PROMPT: No line before the one holding "पोखरा । सूर्य" is wanted; restate word for word that line and all lines after it to the end of the entries, excluding pictures.

DATASET EXCERPTS:
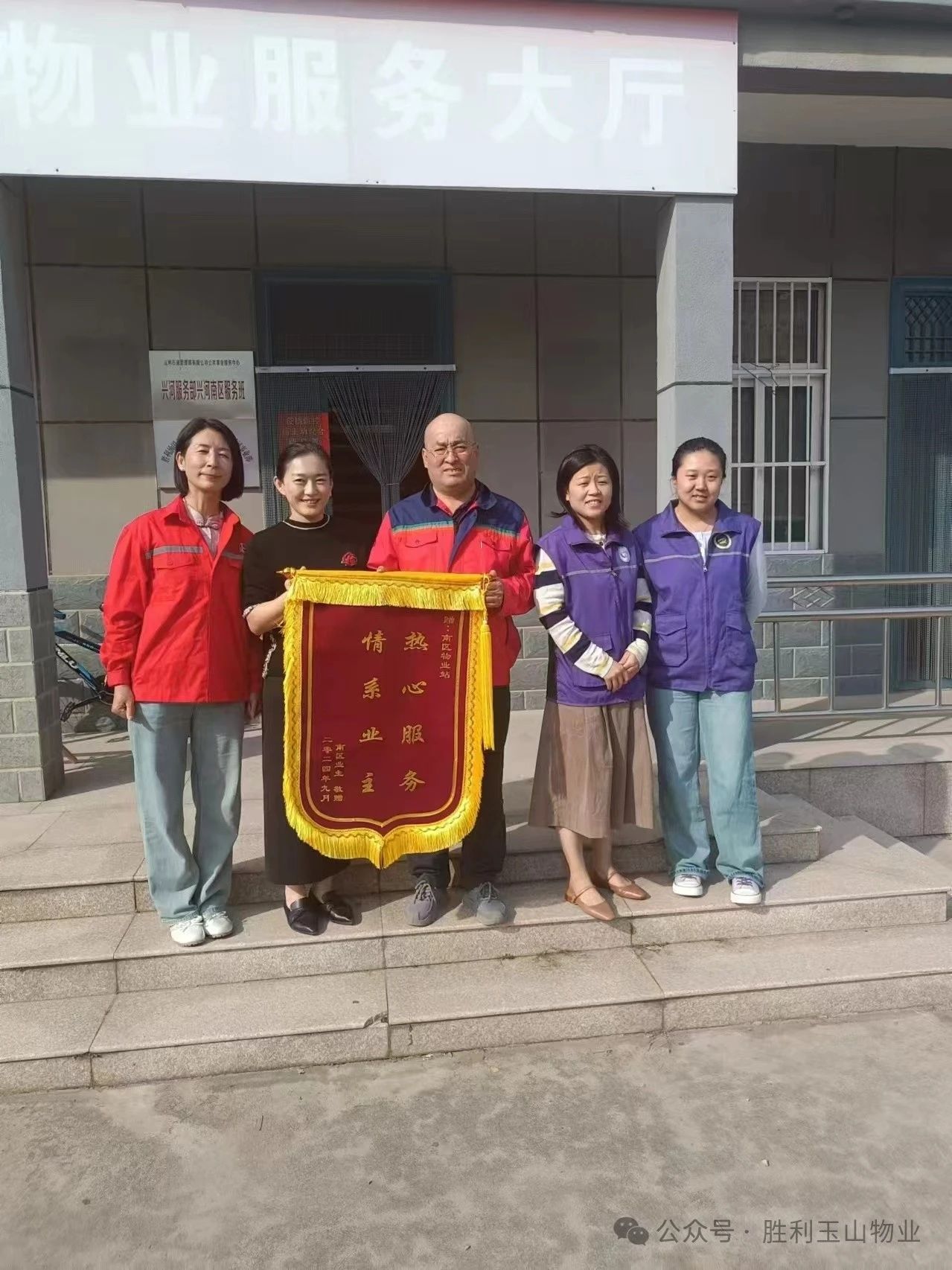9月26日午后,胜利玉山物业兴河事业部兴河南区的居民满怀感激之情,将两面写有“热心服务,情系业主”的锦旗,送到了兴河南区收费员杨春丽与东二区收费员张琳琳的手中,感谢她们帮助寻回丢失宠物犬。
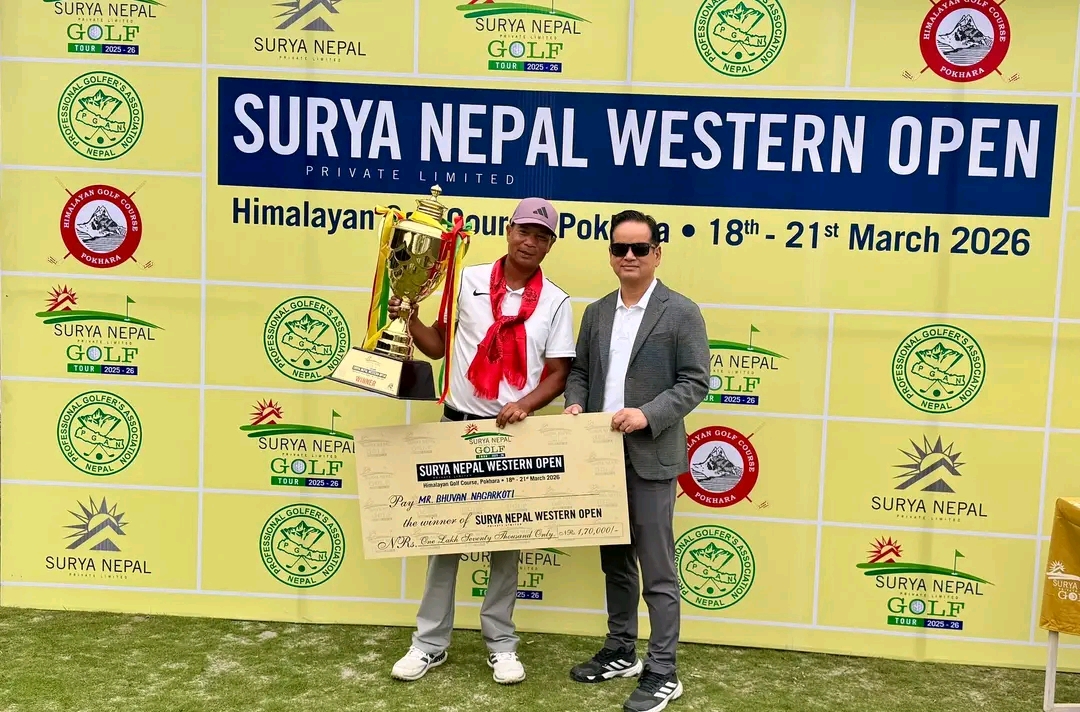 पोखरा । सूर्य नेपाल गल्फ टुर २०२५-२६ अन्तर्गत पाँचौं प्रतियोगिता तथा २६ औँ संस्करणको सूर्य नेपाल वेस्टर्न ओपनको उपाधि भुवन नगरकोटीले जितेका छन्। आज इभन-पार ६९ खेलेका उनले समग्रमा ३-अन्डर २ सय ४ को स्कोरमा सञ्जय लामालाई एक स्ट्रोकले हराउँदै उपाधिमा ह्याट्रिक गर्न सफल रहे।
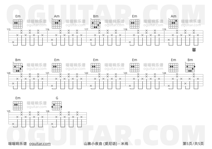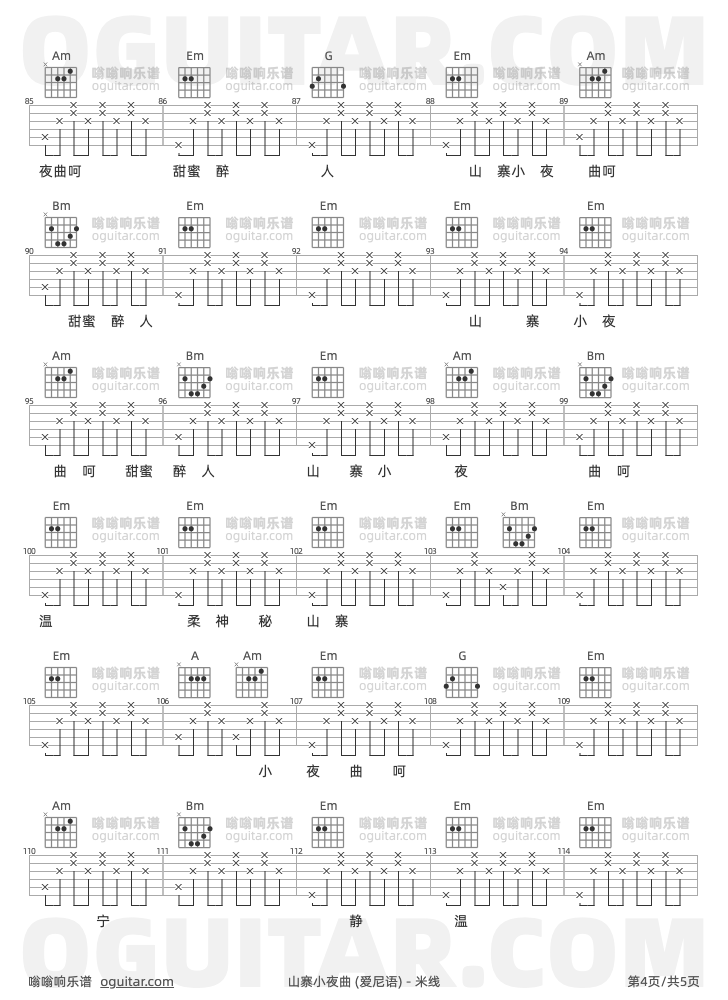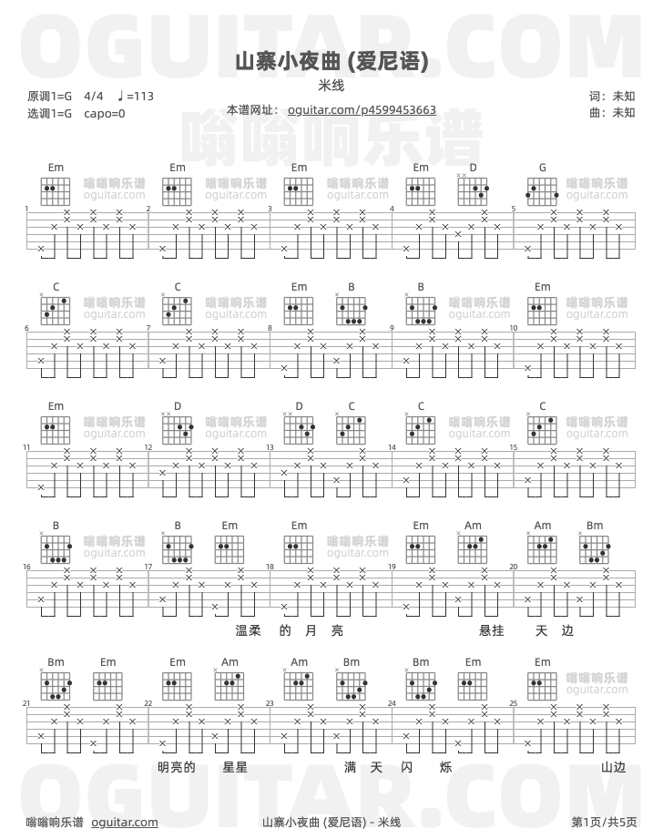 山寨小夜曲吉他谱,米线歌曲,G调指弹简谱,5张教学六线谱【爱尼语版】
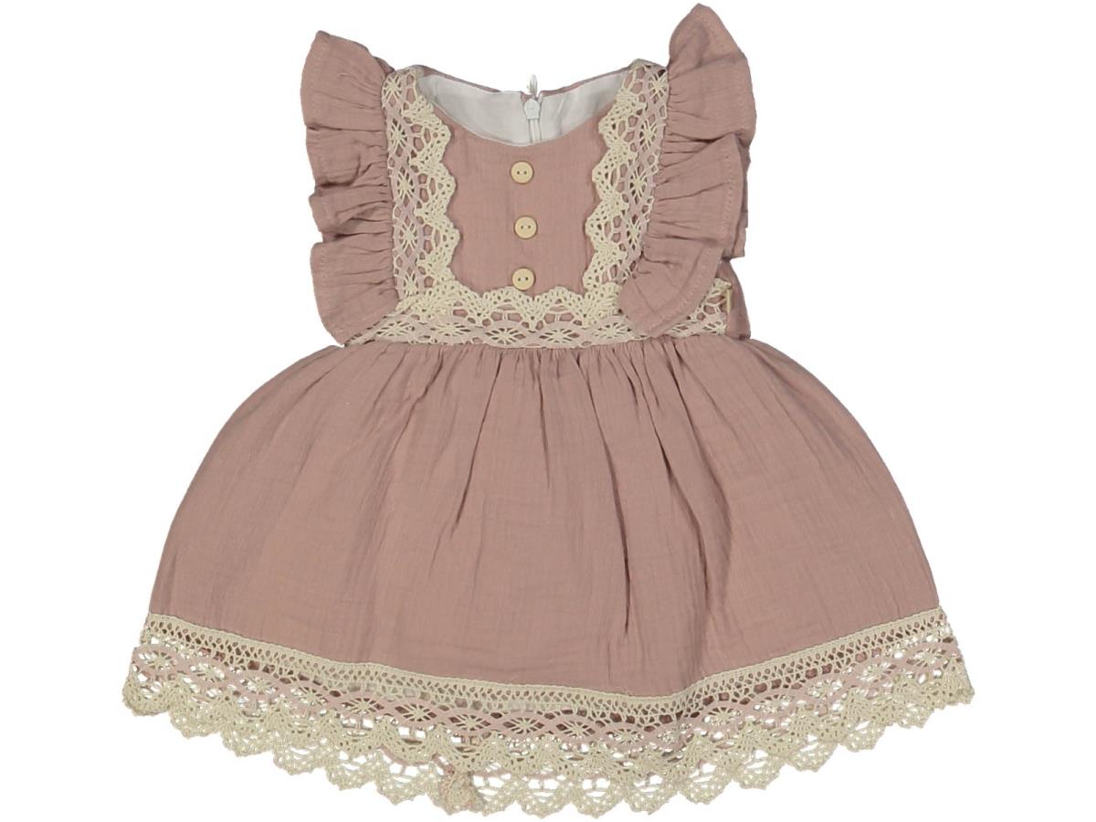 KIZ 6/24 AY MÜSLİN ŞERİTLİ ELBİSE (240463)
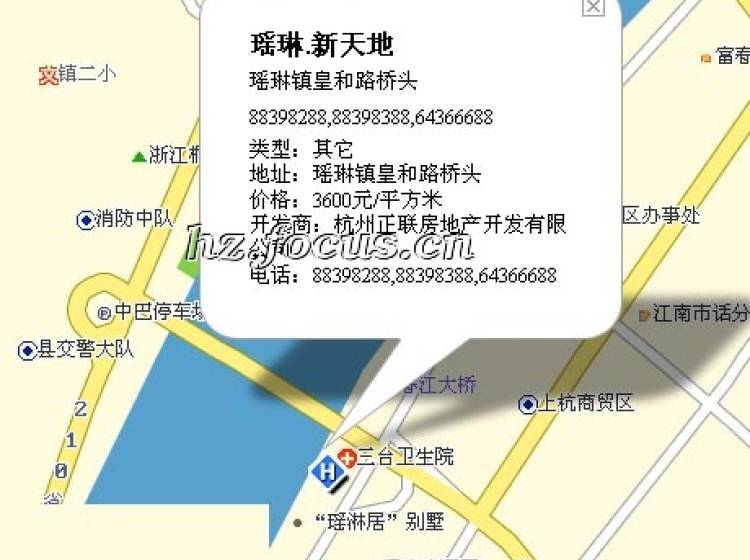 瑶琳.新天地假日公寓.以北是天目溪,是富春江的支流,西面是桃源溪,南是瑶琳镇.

YOUR SOLUTION:
 पोखरा । सूर्य नेपाल गल्फ टुर २०२५-२६ अन्तर्गत पाँचौं प्रतियोगिता तथा २६ औँ संस्करणको सूर्य नेपाल वेस्टर्न ओपनको उपाधि भुवन नगरकोटीले जितेका छन्। आज इभन-पार ६९ खेलेका उनले समग्रमा ३-अन्डर २ सय ४ को स्कोरमा सञ्जय लामालाई एक स्ट्रोकले हराउँदै उपाधिमा ह्याट्रिक गर्न सफल रहे।
 山寨小夜曲吉他谱,米线歌曲,G调指弹简谱,5张教学六线谱【爱尼语版】
 KIZ 6/24 AY MÜSLİN ŞERİTLİ ELBİSE (240463)
 瑶琳.新天地假日公寓.以北是天目溪,是富春江的支流,西面是桃源溪,南是瑶琳镇.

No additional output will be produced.